Sensory sex is placing the focus on pleasurable sensations throughout your body and letting go of the pressures that come with an exclusive focus on the genitals. Here are some examples:

sight – wear lingerie, explore cosplay

sound – play soft music in the background, talk dirty

smell – light aromatic candles, use scented massage oils

taste – use whipped cream, try salted caramel flavored lube

touch – introduce an ice cube in your foreplay

thought – describe a fantasy to your partner

Each sense offers its own sensation. Explore each one to see if one stimulates more than the others. From visual, auditory, olfactory to imagination, heightening your arousal by engaging multiple pleasure pathways can boost your sexual wellness, pleasure and intimacy.

Use our store

Visit Bite the Fruit. Big plug here. But, for real. Make a stop at a sex shop part of your date night. Go to a popular, bright and friendly shop. Avoid the dark stores located in the scary parts of town. Come curious and relaxed, prepared to ask questions. Educate yourself on the plethora of options that are available to couples and individuals, either adventurous or timid, expert or novice. Bite the Fruit promotes sexual wellness which encompasses a range of things from self-care, sexual pleasure, body safe toys and products, fetish exploration and so on.

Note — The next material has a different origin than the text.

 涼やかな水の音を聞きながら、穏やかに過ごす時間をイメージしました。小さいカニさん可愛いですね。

Keep the visit light and fun. Don’t take anything too seriously. Make it an adventure. Get advice on something you’ve always wanted to ask but was afraid to. Try something new.

Use a break

Take a break from sex. What? Yes. Sex can be stressful. Actually, sex is quite awesome. It is the worrying about performance, expectations, unplanned pregnancy, lack of sex, what happens on the third date, one night stands, yada yada, that takes the fun out of sex. Even when we’re not having sex, we’re worrying about sex. So, let it go. Don’t think about it. Plan a day, night or weekend to do something you really enjoy. Make plans with your partner that does not involve the bedroom. Or, call your bffs or bros for a relaxed, happy activity away from your partner.

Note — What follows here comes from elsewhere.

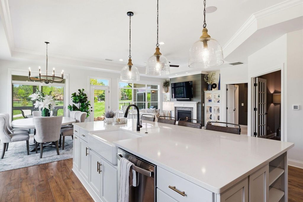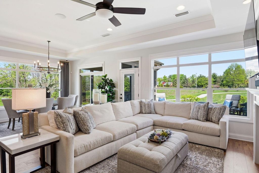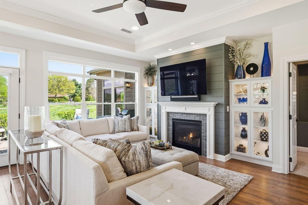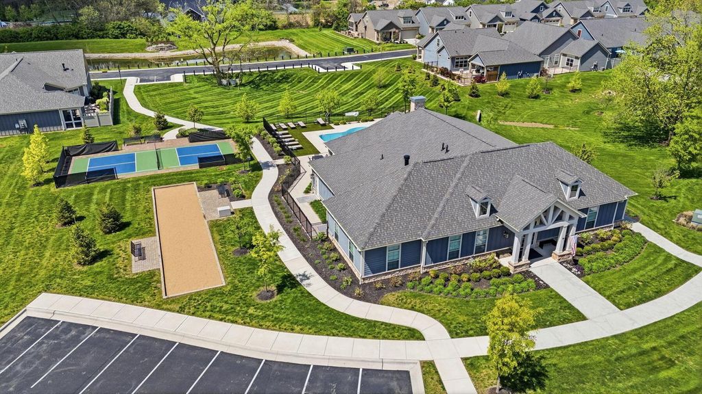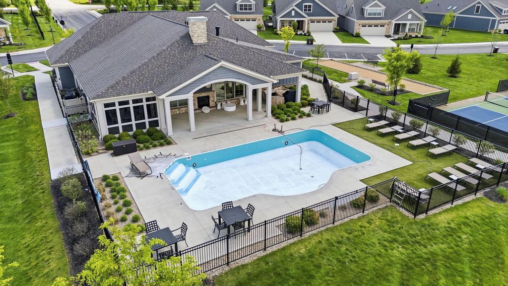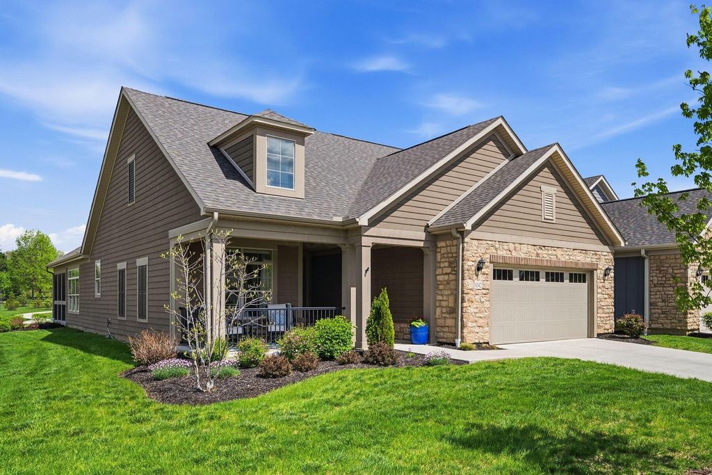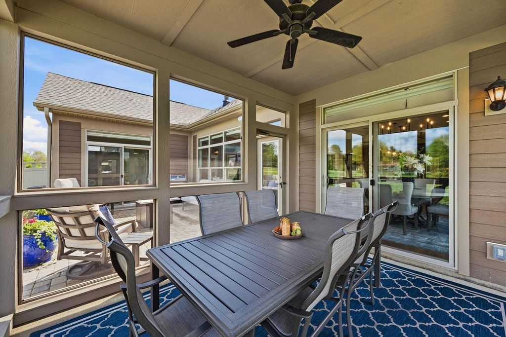 OPEN HOUSE SUN., 5/3/26 FROM 1-3 P.M.! This exceptional end unit free-standing condo sits on a prime lot surrounded by lush green space and positioned beside the serene community pond, offering gorgeous water views and unforgettable sunsets. Designed with both style and functionality in mind, this former Epcon model home showcases the sought-after ''Torino Entertainer's Model'' floor plan and includes EVERY builder upgrade. Step through the impressive covered front entry porch into over 2,000+ sq. ft. of beautifully appointed living space. The open-concept great room easily accommodates oversized seating and flows seamlessly into a spacious dining area and expansive kitchen island/serving bar - perfect for hosting gatherings with ease. The elegant owner's suite is a true retreat, complete with a custom walk-in shower, double sinks with quartz countertops, a large walk-in closet with a custom organization system, skylight, fireplace, and a private bonus/sitting room. A flexible third bedroom or home office adds versatility to the layout. Enjoy abundant natural light throughout, plus a screened porch and private patio with firepit for year-round relaxation. Surround-sound speakers are installed throughout the interior and on the patio, enhancing both everyday living and entertaining. Additional highlights include an extra-large 2-car garage with pull-down attic access for storage. The community offers outstanding amenities with a clubhouse, pool, fitness center, and pickleball court. The $265/month HOA covers lawn care/landscaping, snow removal, and trash service. This rare combination of privacy, upgrades, and water views makes this home a standout opportunity.

Shifting the focus away from physical intimacy, either engaging with your partner in a platonic activity or in an activity away from each other, relieves many of the pressures we feel around sex. Then, when you reconnect, energized by your time with friends or quality time together without coupling, you’ll find renewed interest and enthusiasm to focus on intimacy.

Use a professional

Get professional help. If you’ve tried all of the above and it still feels like you and your partner are out of sync, there could be some issues requiring medical intervention or intervention from an experienced sex therapist, psychologist or relationship counselor. You may need some assistance to help rebuild your connection. You or your partner may need to build confidence, learn to express thoughts and feelings or improve sexual skills.

Sex is much more than performance and expectations. Professional support can provide insights on managing anxiety, staying present during sex, penetration phobia, ED, trust issues or other concerns. When the issue seems insurmountable, enlisting a professional could really help. A mutually gratifying sexual experience is achievable when both partners work on their own and each other's physical, psychological, and relational well being.

Single?

This could be the best time of your life. Take stock in what you have. Enjoy your alone time. Sit back, relax. Read. Hog the remote. Or, call your buddies for a night out on the town. Stay out all night. You're single. There's no one to negotiate with. Do what you want to do. If you're into self-love, stop by Bite the Fruit. Check out the array of silicone goods designed with you in mind. Get yourself off, any way you want, everyday, twice a day. On Valentine's Day, splurge on a surf and turf at the Prime Rib, feast on tons of garlic bread. Ha! It's your time. It's your body. Do something healthy, get a full-body massage, jog, take a yoga class. Explore who you are. Express yourself. It's your life. As RuPaul attests, “If you don't love yourself, how in the hell you gonna love somebody else?”